* **WORK ORDER**
Every line of the data below is to be given again as it appears, with the images removed.

* **DATASET CONTENT**
**********

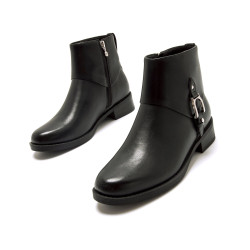 Botín de estilo ecuestre de color negro para mujer, modelo Laglio de Mariamare. Este modelo incorpora una hebilla metálica lateral inspirada en el estilo hípico, que aporta carácter sin recargar el conjunto. Su caña baja y estructura limpia lo hacen fácil de combinar con vaqueros ajustados o vestidos. El cierre con cremallera facilita el ajuste y la suela baja ofrece comodidad para el uso diario. Una opción versátil para quienes buscan un toque clásico con aire moderno.
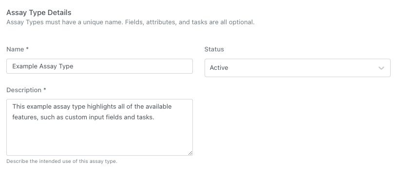 Assays in Lab Atlas represent the smallest unit of work, typically some repeatable work that might be done in a wet lab or data sciences environment. Assay Types are a simple way for differentiating between the types of work being done in different assays and a means of creating templates for work that needs to be documented. They allow you to add additional depth to assays by incorporating some features that enable customizing workflows tailored to your organization: custom input fields and tasks. Input fields allow capturing additional information in a variety of inputs when creating new assays. Tasks allow you to create 'To Do' lists for your assays and assign work to colleagues.
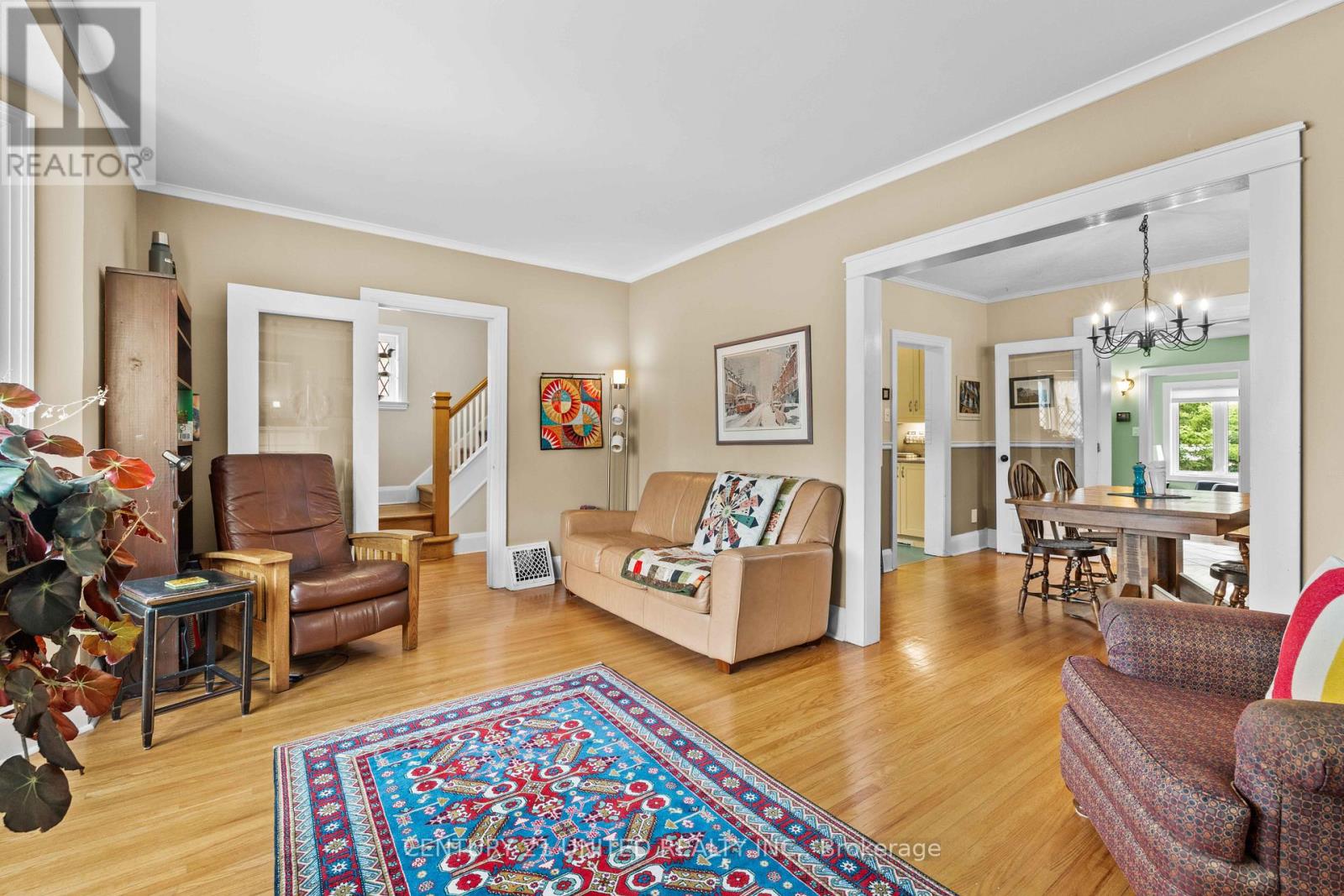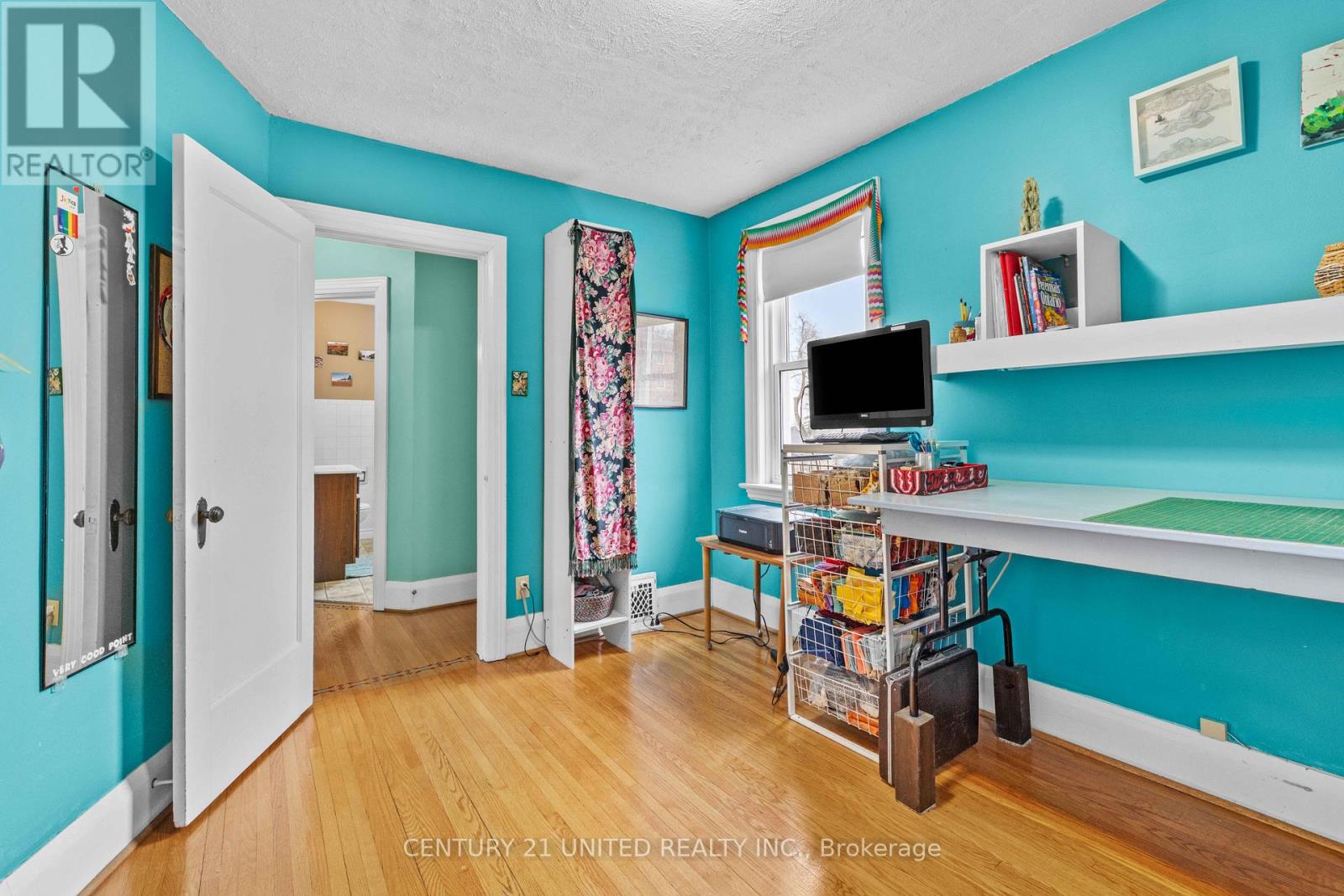 Introducing 19 Anne St, a solid brick 2 storey home nestled nicely on the corner of Anne St and Albertus Ave with a large landscaped rear yard. This is a 3+1 bedroom, 2.5 bath family home full of character and charm. It features leaded windows, hardwood floors, interior french doors, natural gas fireplace and a very unique opportunity to work from home in the dedicated, private area with a bright office, 3 piece bath, large welcoming separate entrance and triple wide side by side parking. This home offers a nice flow from the dining room to the living room to the 2nd floor with 3 bedrooms and bath. The lower level has a rec room, laundry/bath and a large bright bedroom. A tour inside is needed in order to fully appreciate the uniqueness of this neat, clean and tidy home where pride of ownership is very evident. Heat pump, natural gas furnace, AC and more. Book a showing and see for yourself. (id:51158)
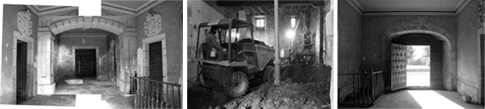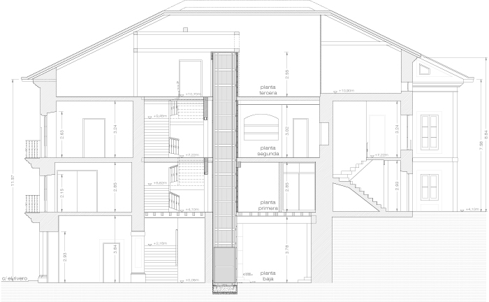 Debido al tipo de construcción de la casa, los muros de carga de la estructura principal disminuyen su espesor a medida que ascienden, lo que reducía el espacio disponible en la planta inferior. Se encuentra además, que los elementos estructurales de madera no coinciden al superponerlos, debido también a reformas llevadas a cabo a lo largo del tiempo. En el emplazamiento más adecuado para el funcionamiento actual de la vivienda y con las máximas dimensiones resultantes, se consiguió resolver la instalación cumpliendo todas los requisitos iniciales y sin modificar la estructura existente.

**********

* **SOLUTION TO THE EXERCISE**
 Botín de estilo ecuestre de color negro para mujer, modelo Laglio de Mariamare. Este modelo incorpora una hebilla metálica lateral inspirada en el estilo hípico, que aporta carácter sin recargar el conjunto. Su caña baja y estructura limpia lo hacen fácil de combinar con vaqueros ajustados o vestidos. El cierre con cremallera facilita el ajuste y la suela baja ofrece comodidad para el uso diario. Una opción versátil para quienes buscan un toque clásico con aire moderno.
 Assays in Lab Atlas represent the smallest unit of work, typically some repeatable work that might be done in a wet lab or data sciences environment. Assay Types are a simple way for differentiating between the types of work being done in different assays and a means of creating templates for work that needs to be documented. They allow you to add additional depth to assays by incorporating some features that enable customizing workflows tailored to your organization: custom input fields and tasks. Input fields allow capturing additional information in a variety of inputs when creating new assays. Tasks allow you to create 'To Do' lists for your assays and assign work to colleagues.
 Introducing 19 Anne St, a solid brick 2 storey home nestled nicely on the corner of Anne St and Albertus Ave with a large landscaped rear yard. This is a 3+1 bedroom, 2.5 bath family home full of character and charm. It features leaded windows, hardwood floors, interior french doors, natural gas fireplace and a very unique opportunity to work from home in the dedicated, private area with a bright office, 3 piece bath, large welcoming separate entrance and triple wide side by side parking. This home offers a nice flow from the dining room to the living room to the 2nd floor with 3 bedrooms and bath. The lower level has a rec room, laundry/bath and a large bright bedroom. A tour inside is needed in order to fully appreciate the uniqueness of this neat, clean and tidy home where pride of ownership is very evident. Heat pump, natural gas furnace, AC and more. Book a showing and see for yourself. (id:51158)
 Debido al tipo de construcción de la casa, los muros de carga de la estructura principal disminuyen su espesor a medida que ascienden, lo que reducía el espacio disponible en la planta inferior. Se encuentra además, que los elementos estructurales de madera no coinciden al superponerlos, debido también a reformas llevadas a cabo a lo largo del tiempo. En el emplazamiento más adecuado para el funcionamiento actual de la vivienda y con las máximas dimensiones resultantes, se consiguió resolver la instalación cumpliendo todas los requisitos iniciales y sin modificar la estructura existente.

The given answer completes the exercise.